¡Dio ti mantenga signore!, o sobre los comitentes

El Renacimiento fue un periodo próspero para el arte, debido a las circunstancias políticas, económicas y sociales en que se hallaba Europa, principalmente Italia. Las guerras territoriales, el desarrollo del comercio y el acceso de mercaderes, banqueros y condottieros a los círculos del poder, generaron una nueva clase social que, además de los monarcas y la Iglesia, empezó a encargar obras de arte con las que creó un nuevo lenguaje visual para legitimar su posición.

ANDREA MANTEGNA. Camera picta (detalle), 1465-1474. Palacio ducal, Mantua

La recuperación de la Antigüedad y el naturalismo, que comenzó a despuntar en el Trecento italiano de la mano de Giotto o de los Pisano en el terreno plástico, o de Dante, Boccaccio y Petrarca en el literario, cristalizó en el Quattrocento por parte de una aristocracia rica e ilustrada, que marcó una independencia intelectual con respecto al saber que se había desarrollado hasta entonces en los monasterios y las universidades.

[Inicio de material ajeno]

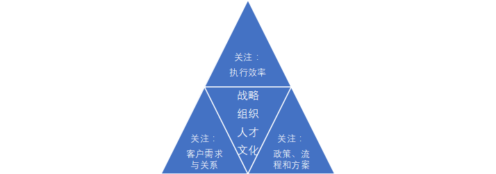 HR三角交付模式同样描述了HR的三个主要角色:业务伙伴、HR专家和落地执行者。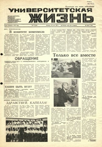 Университетская жизнь : газета. 1986 г. № 13 (376) (20 мая)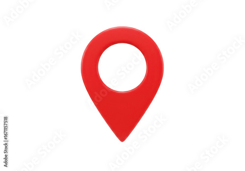 Vivid three-dimensional red location marker icon, navigation and GPS positioning symbol for digital maps and travel applications isolated on white background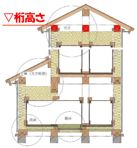 「桁上断熱」を行う事もあります(クリック)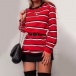 Fashion Long Sleeve Round Neck Striped Sweatshirt Dress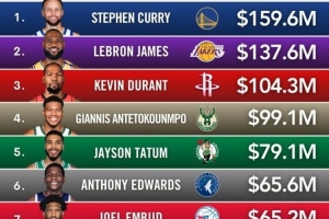 上一篇: 本年度球星收入排行:庫里1.596億居首 詹姆斯1.376億居次 KD第三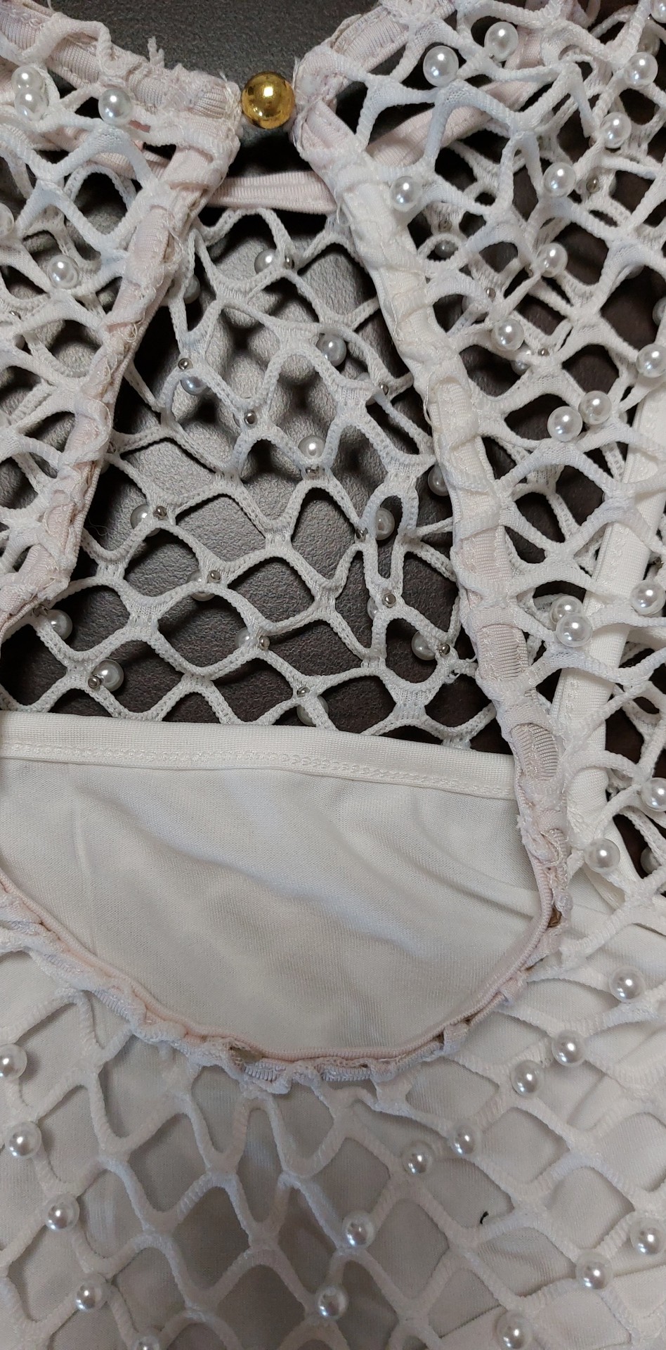 - defekt : zabarwione na różowo szwy, zdjęcie w galerii produktu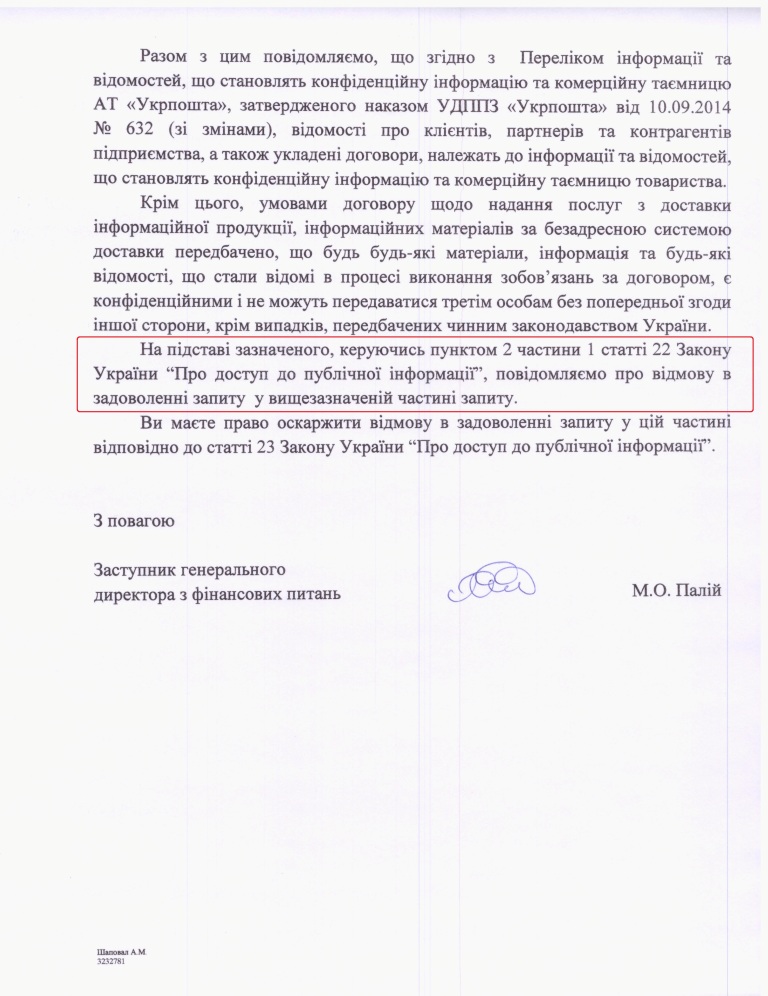 А от щодо п. 3 (скільки коштів було витрачено на поширення поштою даного спецвипуску) «Укрпошта», посилаючись на «конфіденційність інформації» та «комерційну таємницю», повідомила про відмову у задоволенні запиту у вищезазначеній частині.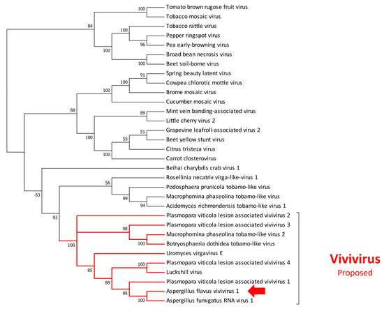 Finally, we identified a virus with three putative segments, the first one (RNA1) is 3592 nt long, displays a 3459 nt long ORF, and putatively codes for a protein with a conserved RdRP domain. The second is 3509 nt long with a 3273 nt long ORF and encodes a protein with two conserved domains: a methyltransferase at the 5′ and a viral helicase at the 3′. The third segment is 1942 nucleotides long, presents a 1671 nt long ORF, and encodes for a protein with no detected conserved domain. All three proteins displayed a relatively good degree of conservation with Aspergillus fumigatus RNA virus 1 (txid2747487), a virus recently reported in NCBI [47]. For the first two segments, several other similarities were also observed with a recently reported virus associated with Plasmopara viticola. Similarly to what was reported for Plasmopara viticola lesion-associated vivivirus 1 [42], we observed a conserved motif both at the 5′ and 3′ termini (Supplementary Figure S2), suggesting an association of these three segments as a new tripartite virus. Due to its phylogenetic placement (Figure 5), we named it Aspergillus flavus vivivirus 1 (AfVV1).
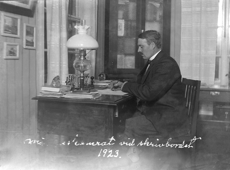 Enligt notering: "Reskamraten vid skrivbordet 1923, Jonas Andersson, Möve".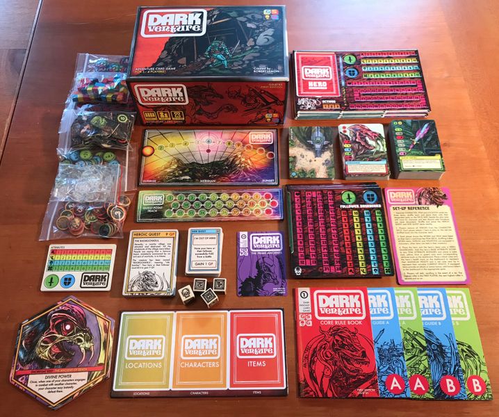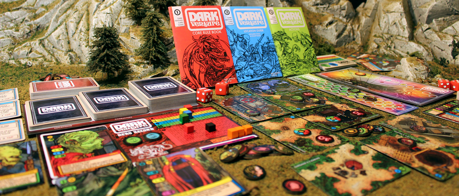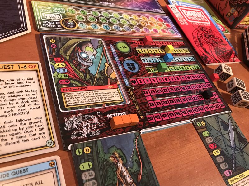 Hurling mechanics into the pot with an apothecary’s relish -Dark Venture is simultaneously a tile based overland crawl/deck building/hand and inventory management/choose-your-own-adventure/dice rolling/combat heavy/asymmetric player power/take that/exploration based/RPG infused experience – where players compete to complete quests both heroic and mundane all within the space of one turbulent day in a seismically upended post-cataclysmic world.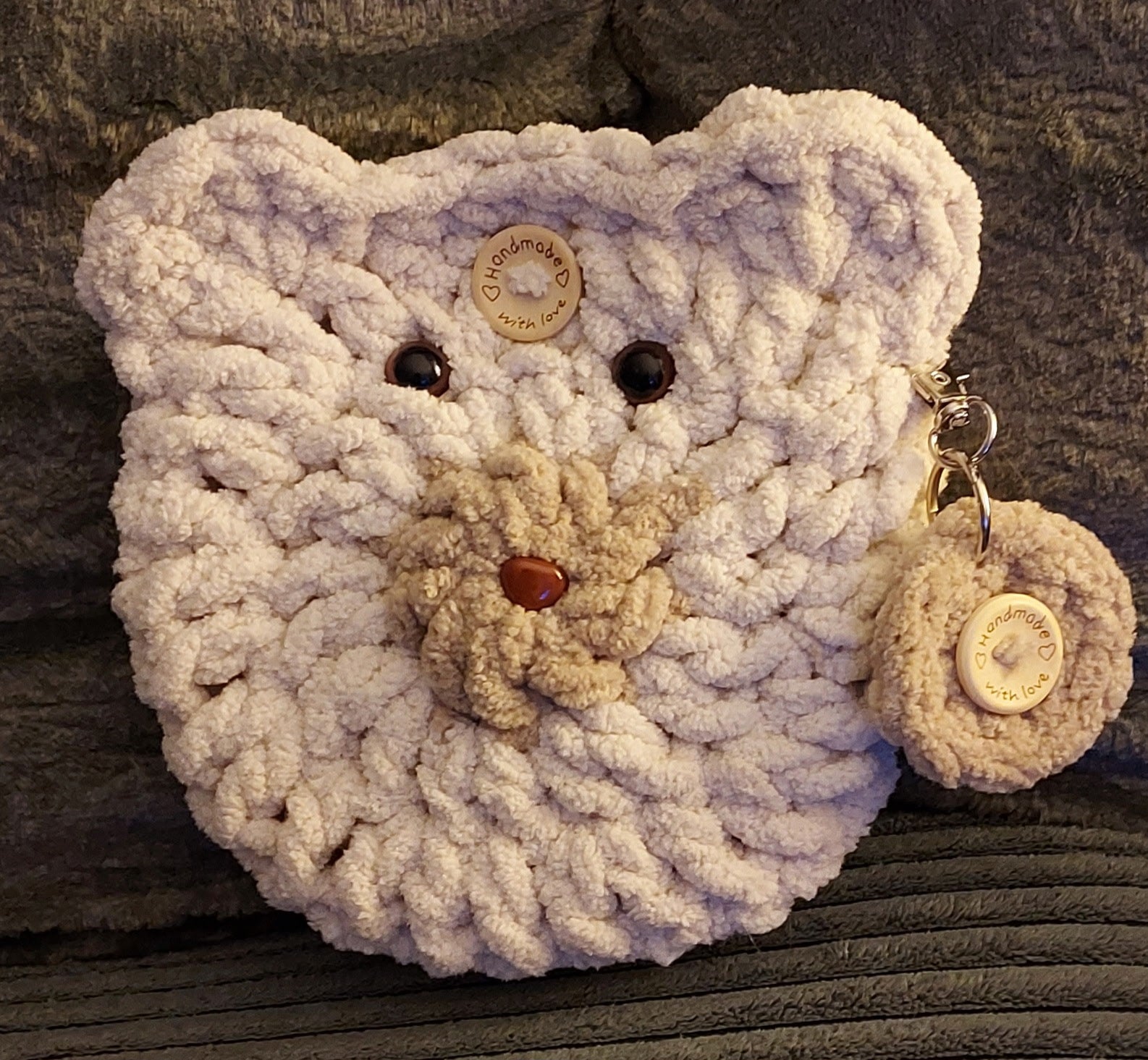 Add a playful charm to your everyday essentials with our handmade bear wristlets! These delightful wristlets feature an adorable bear face, complete with button eyes and nose, giving them a unique personality.

Las ideas y el arte empezaron a desacralizarse y el hombre se constituyó en el epicentro del mundo sensible. Se tomó conciencia —a merced del descubrimiento del «Nuevo Mundo», del desarrollo de la ciencia, los avances técnicos, la recuperación y traducción de textos antiguos, así como el descubrimiento y coleccionismo de obras materiales de la Antigüedad clásica—, de que todo lo que se sabía hasta ese entonces no era todo lo que existía.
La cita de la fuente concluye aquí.